===== Recorded information =====

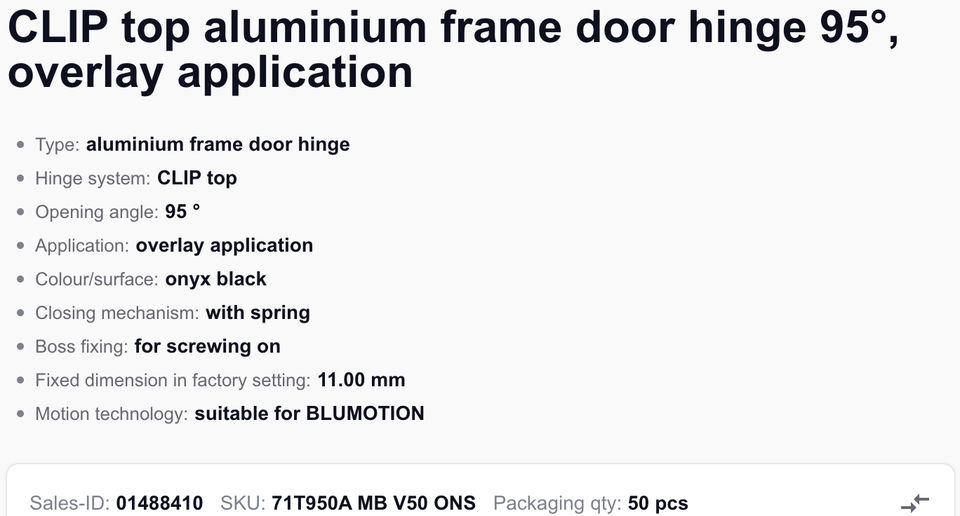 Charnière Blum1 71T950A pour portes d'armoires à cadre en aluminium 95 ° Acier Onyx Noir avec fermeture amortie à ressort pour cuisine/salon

=====
===== Recorded information =====

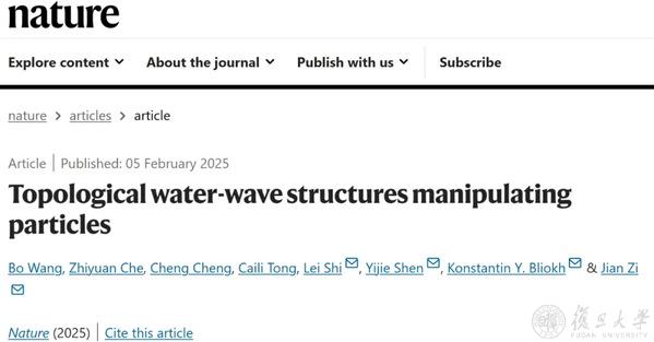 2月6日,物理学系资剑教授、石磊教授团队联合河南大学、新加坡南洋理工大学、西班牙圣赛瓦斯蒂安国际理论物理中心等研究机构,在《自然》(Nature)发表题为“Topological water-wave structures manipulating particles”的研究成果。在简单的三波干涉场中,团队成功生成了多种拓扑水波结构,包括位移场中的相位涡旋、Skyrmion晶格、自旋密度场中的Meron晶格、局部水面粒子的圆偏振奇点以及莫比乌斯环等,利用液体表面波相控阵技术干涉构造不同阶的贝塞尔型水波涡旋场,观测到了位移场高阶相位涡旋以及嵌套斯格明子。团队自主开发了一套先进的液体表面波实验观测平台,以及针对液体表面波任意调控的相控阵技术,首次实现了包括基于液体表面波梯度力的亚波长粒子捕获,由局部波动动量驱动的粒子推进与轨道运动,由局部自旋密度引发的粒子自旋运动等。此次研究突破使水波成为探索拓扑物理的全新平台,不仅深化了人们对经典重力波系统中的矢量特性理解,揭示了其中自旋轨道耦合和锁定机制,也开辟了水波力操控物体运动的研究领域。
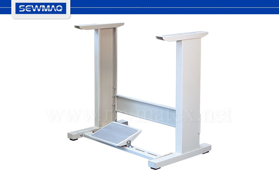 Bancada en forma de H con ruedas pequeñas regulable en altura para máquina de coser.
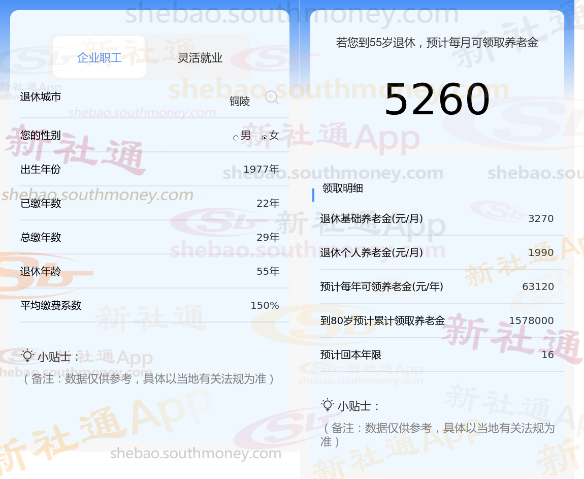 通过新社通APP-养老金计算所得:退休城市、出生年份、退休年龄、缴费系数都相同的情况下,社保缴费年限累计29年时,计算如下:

=====
===== Recorded information =====

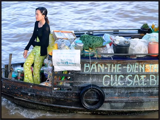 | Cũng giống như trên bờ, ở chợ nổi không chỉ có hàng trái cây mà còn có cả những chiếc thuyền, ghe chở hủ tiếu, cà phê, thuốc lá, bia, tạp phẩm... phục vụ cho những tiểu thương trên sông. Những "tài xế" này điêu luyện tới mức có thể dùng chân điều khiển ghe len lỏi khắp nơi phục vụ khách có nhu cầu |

=====

| What this task involves |
Reproduce the listing above only between the lines holding "water-wave structures manipulating" and "通过新社通APP-养老金计算", inclusive. Every line must match exactly, and pictures are dropped.

| Solved problem |
 2月6日,物理学系资剑教授、石磊教授团队联合河南大学、新加坡南洋理工大学、西班牙圣赛瓦斯蒂安国际理论物理中心等研究机构,在《自然》(Nature)发表题为“Topological water-wave structures manipulating particles”的研究成果。在简单的三波干涉场中,团队成功生成了多种拓扑水波结构,包括位移场中的相位涡旋、Skyrmion晶格、自旋密度场中的Meron晶格、局部水面粒子的圆偏振奇点以及莫比乌斯环等,利用液体表面波相控阵技术干涉构造不同阶的贝塞尔型水波涡旋场,观测到了位移场高阶相位涡旋以及嵌套斯格明子。团队自主开发了一套先进的液体表面波实验观测平台,以及针对液体表面波任意调控的相控阵技术,首次实现了包括基于液体表面波梯度力的亚波长粒子捕获,由局部波动动量驱动的粒子推进与轨道运动,由局部自旋密度引发的粒子自旋运动等。此次研究突破使水波成为探索拓扑物理的全新平台,不仅深化了人们对经典重力波系统中的矢量特性理解,揭示了其中自旋轨道耦合和锁定机制,也开辟了水波力操控物体运动的研究领域。
 Bancada en forma de H con ruedas pequeñas regulable en altura para máquina de coser.
 通过新社通APP-养老金计算所得:退休城市、出生年份、退休年龄、缴费系数都相同的情况下,社保缴费年限累计29年时,计算如下:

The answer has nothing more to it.